▶ [Supplied material]:
....

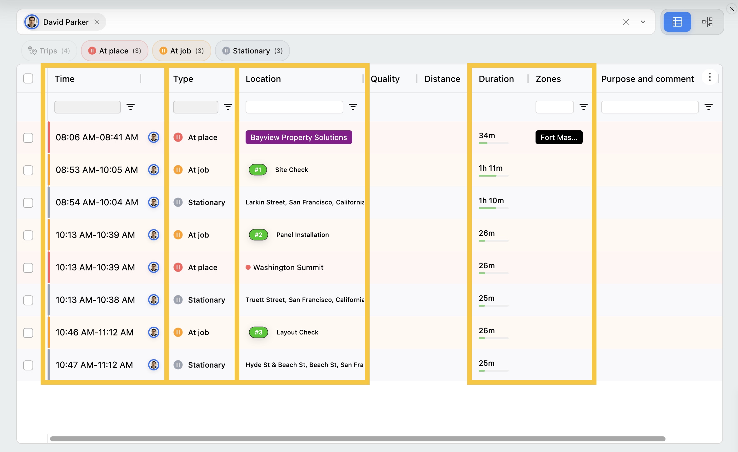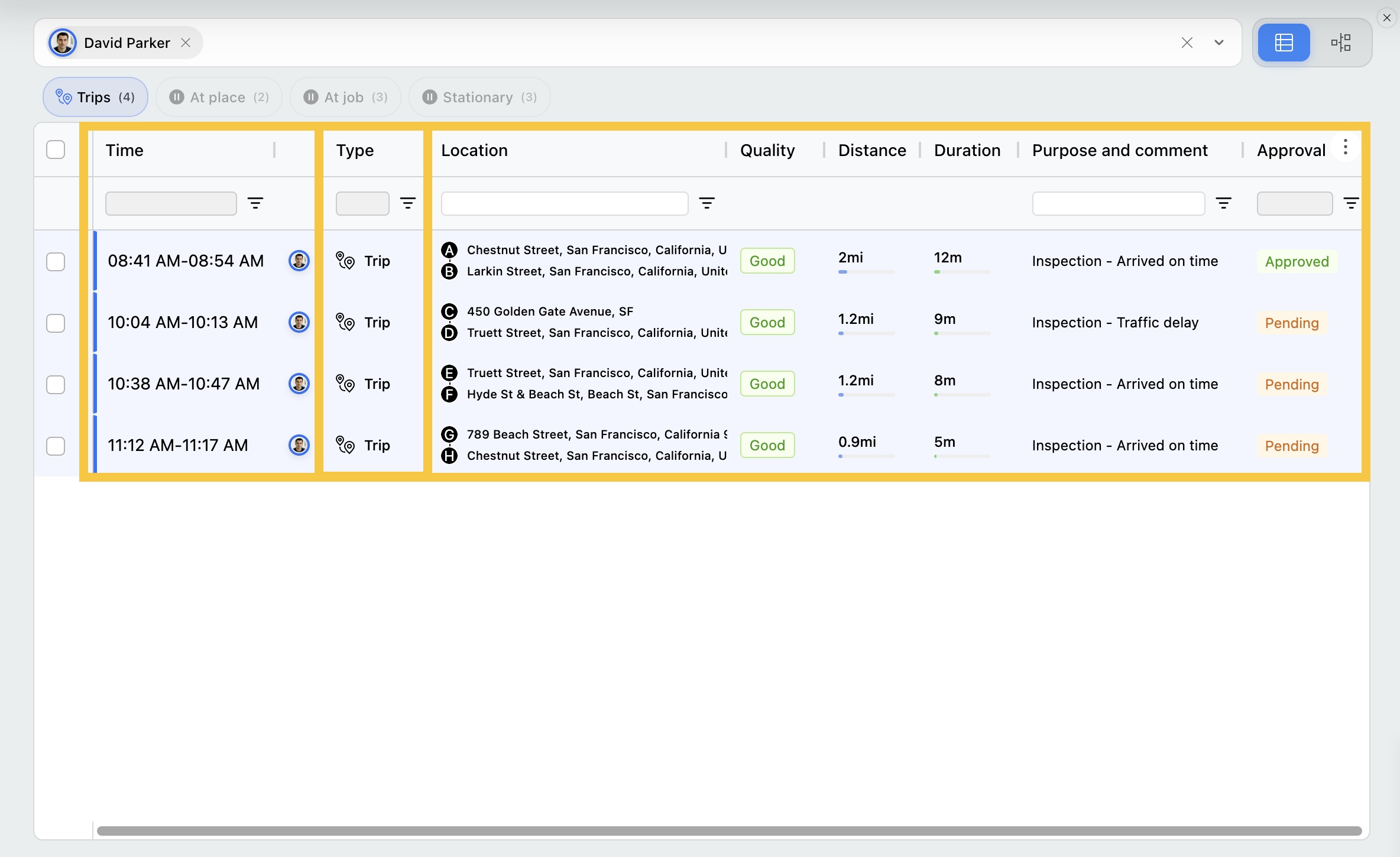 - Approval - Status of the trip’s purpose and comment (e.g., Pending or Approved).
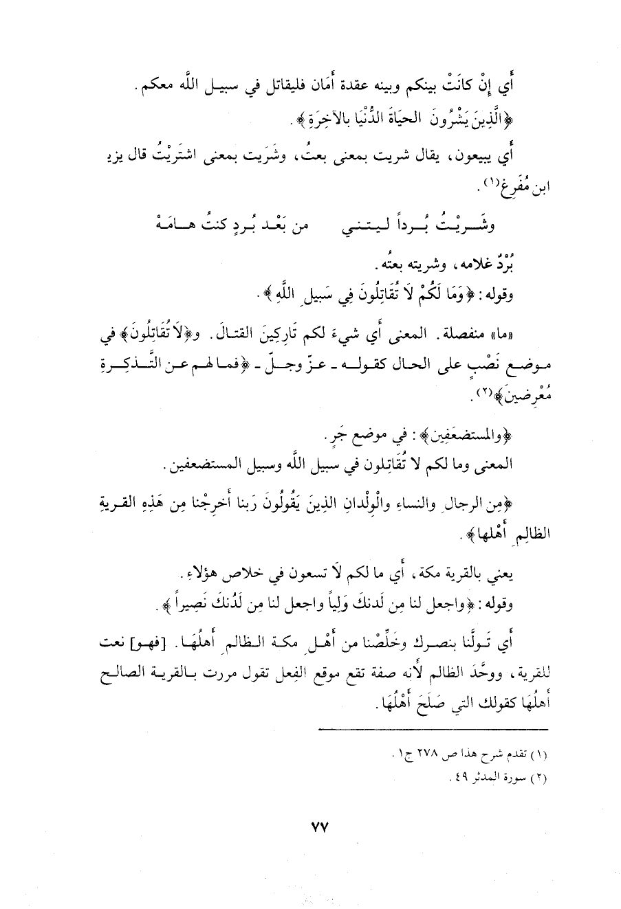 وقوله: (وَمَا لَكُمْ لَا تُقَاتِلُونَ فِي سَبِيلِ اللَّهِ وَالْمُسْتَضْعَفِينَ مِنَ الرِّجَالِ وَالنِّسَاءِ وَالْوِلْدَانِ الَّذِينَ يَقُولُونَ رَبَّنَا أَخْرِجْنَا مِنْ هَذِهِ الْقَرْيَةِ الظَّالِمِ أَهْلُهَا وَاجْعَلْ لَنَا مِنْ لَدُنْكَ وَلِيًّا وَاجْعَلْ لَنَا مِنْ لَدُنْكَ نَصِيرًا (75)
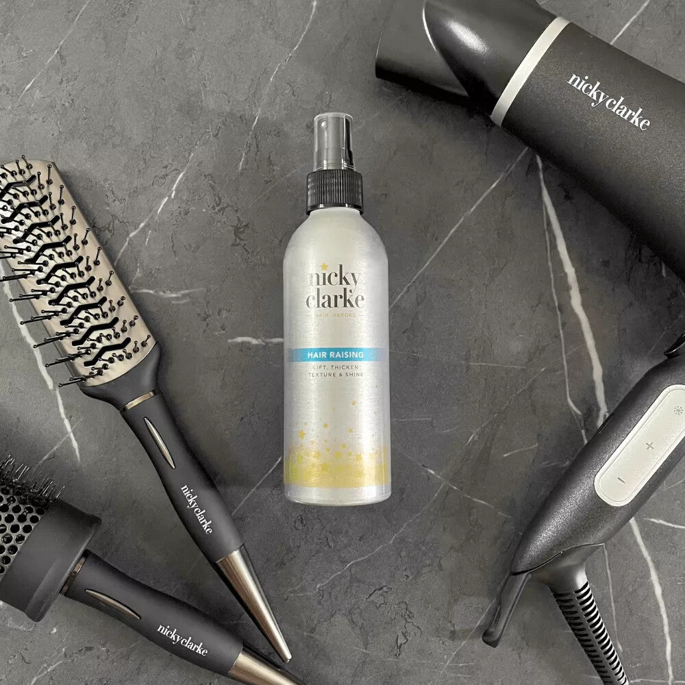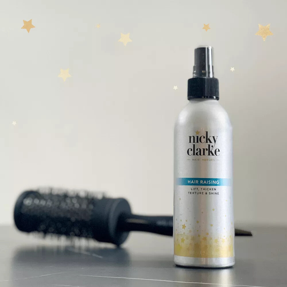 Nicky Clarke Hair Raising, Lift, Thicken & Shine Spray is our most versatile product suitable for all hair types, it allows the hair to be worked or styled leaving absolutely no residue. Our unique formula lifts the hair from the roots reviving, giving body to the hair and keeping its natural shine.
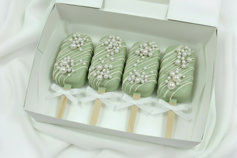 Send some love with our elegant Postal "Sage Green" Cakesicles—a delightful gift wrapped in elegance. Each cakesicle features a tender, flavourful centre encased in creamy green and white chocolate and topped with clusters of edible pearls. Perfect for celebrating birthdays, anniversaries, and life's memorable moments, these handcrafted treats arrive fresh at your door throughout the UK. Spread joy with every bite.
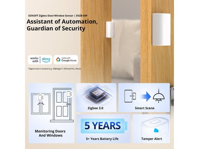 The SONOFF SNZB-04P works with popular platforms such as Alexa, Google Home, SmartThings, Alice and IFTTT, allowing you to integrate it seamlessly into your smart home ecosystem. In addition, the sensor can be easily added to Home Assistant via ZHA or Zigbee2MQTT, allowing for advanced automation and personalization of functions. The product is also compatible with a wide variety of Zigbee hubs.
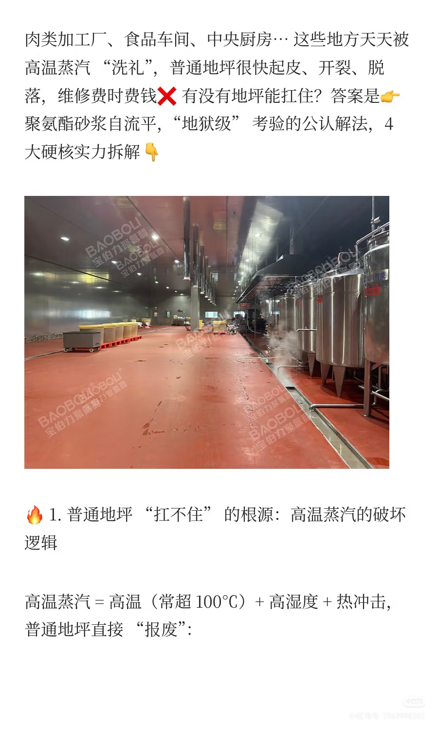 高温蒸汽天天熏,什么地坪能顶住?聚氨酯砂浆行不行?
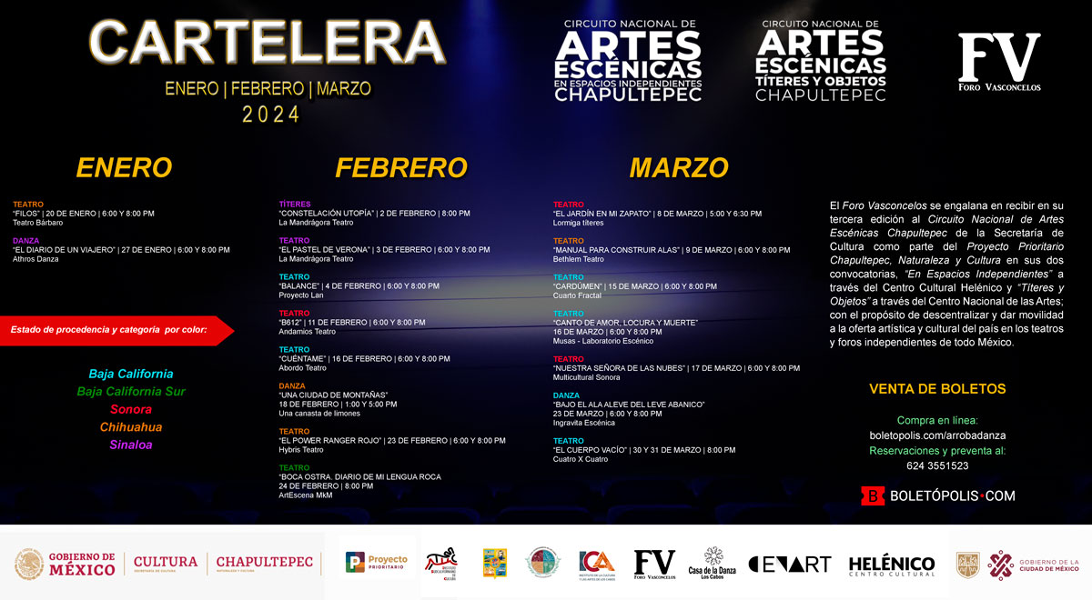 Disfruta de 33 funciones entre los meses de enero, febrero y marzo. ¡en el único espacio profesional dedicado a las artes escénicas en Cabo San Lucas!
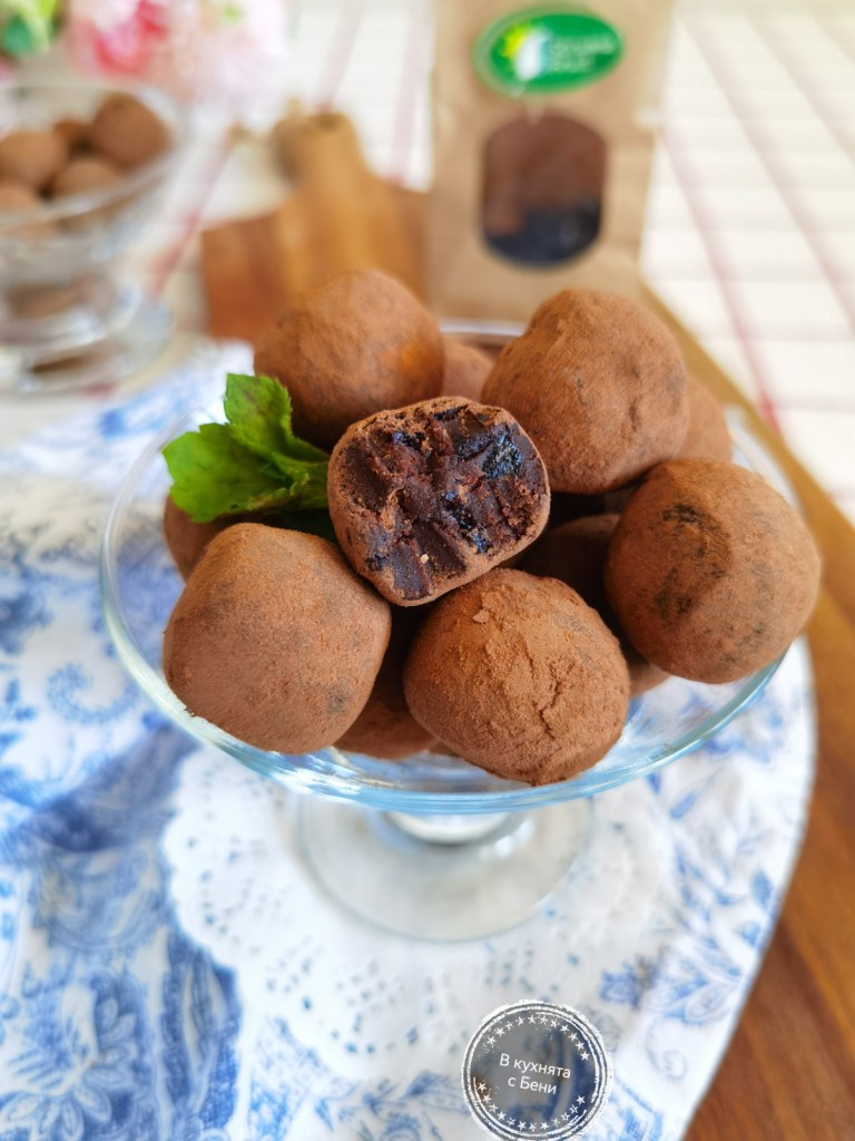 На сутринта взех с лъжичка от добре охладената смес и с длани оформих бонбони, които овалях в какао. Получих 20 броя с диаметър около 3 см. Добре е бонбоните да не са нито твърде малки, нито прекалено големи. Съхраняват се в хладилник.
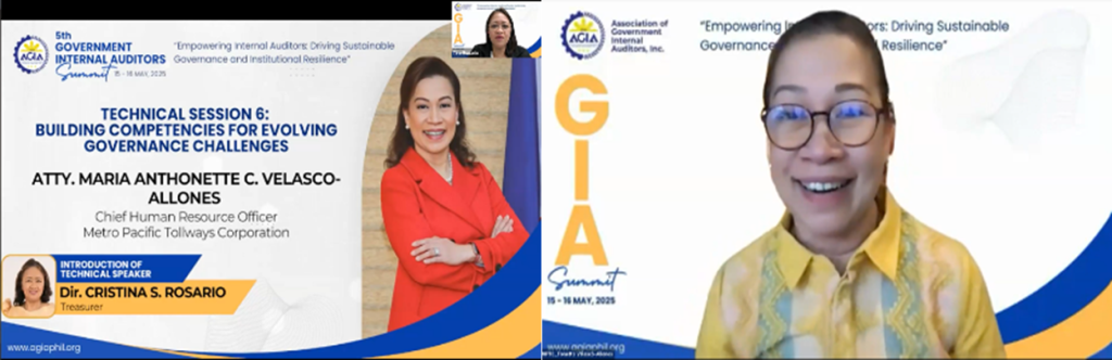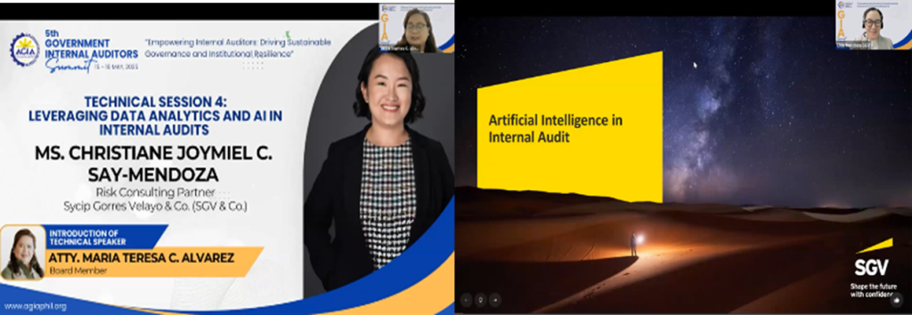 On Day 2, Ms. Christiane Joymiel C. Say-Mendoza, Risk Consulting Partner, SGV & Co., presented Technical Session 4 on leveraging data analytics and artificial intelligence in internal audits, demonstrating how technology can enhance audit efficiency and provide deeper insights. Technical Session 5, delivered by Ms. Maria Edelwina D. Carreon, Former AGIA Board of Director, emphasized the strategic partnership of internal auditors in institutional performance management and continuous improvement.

....

▶ [What is required]: If an entry holds a picture, leave the picture out and repeat the rest exactly.

▶ [Result of the exercise]:
 - Approval - Status of the trip’s purpose and comment (e.g., Pending or Approved).
 وقوله: (وَمَا لَكُمْ لَا تُقَاتِلُونَ فِي سَبِيلِ اللَّهِ وَالْمُسْتَضْعَفِينَ مِنَ الرِّجَالِ وَالنِّسَاءِ وَالْوِلْدَانِ الَّذِينَ يَقُولُونَ رَبَّنَا أَخْرِجْنَا مِنْ هَذِهِ الْقَرْيَةِ الظَّالِمِ أَهْلُهَا وَاجْعَلْ لَنَا مِنْ لَدُنْكَ وَلِيًّا وَاجْعَلْ لَنَا مِنْ لَدُنْكَ نَصِيرًا (75)
 Nicky Clarke Hair Raising, Lift, Thicken & Shine Spray is our most versatile product suitable for all hair types, it allows the hair to be worked or styled leaving absolutely no residue. Our unique formula lifts the hair from the roots reviving, giving body to the hair and keeping its natural shine.
 Send some love with our elegant Postal "Sage Green" Cakesicles—a delightful gift wrapped in elegance. Each cakesicle features a tender, flavourful centre encased in creamy green and white chocolate and topped with clusters of edible pearls. Perfect for celebrating birthdays, anniversaries, and life's memorable moments, these handcrafted treats arrive fresh at your door throughout the UK. Spread joy with every bite.
 The SONOFF SNZB-04P works with popular platforms such as Alexa, Google Home, SmartThings, Alice and IFTTT, allowing you to integrate it seamlessly into your smart home ecosystem. In addition, the sensor can be easily added to Home Assistant via ZHA or Zigbee2MQTT, allowing for advanced automation and personalization of functions. The product is also compatible with a wide variety of Zigbee hubs.
 高温蒸汽天天熏,什么地坪能顶住?聚氨酯砂浆行不行?
 Disfruta de 33 funciones entre los meses de enero, febrero y marzo. ¡en el único espacio profesional dedicado a las artes escénicas en Cabo San Lucas!
 На сутринта взех с лъжичка от добре охладената смес и с длани оформих бонбони, които овалях в какао. Получих 20 броя с диаметър около 3 см. Добре е бонбоните да не са нито твърде малки, нито прекалено големи. Съхраняват се в хладилник.
 On Day 2, Ms. Christiane Joymiel C. Say-Mendoza, Risk Consulting Partner, SGV & Co., presented Technical Session 4 on leveraging data analytics and artificial intelligence in internal audits, demonstrating how technology can enhance audit efficiency and provide deeper insights. Technical Session 5, delivered by Ms. Maria Edelwina D. Carreon, Former AGIA Board of Director, emphasized the strategic partnership of internal auditors in institutional performance management and continuous improvement.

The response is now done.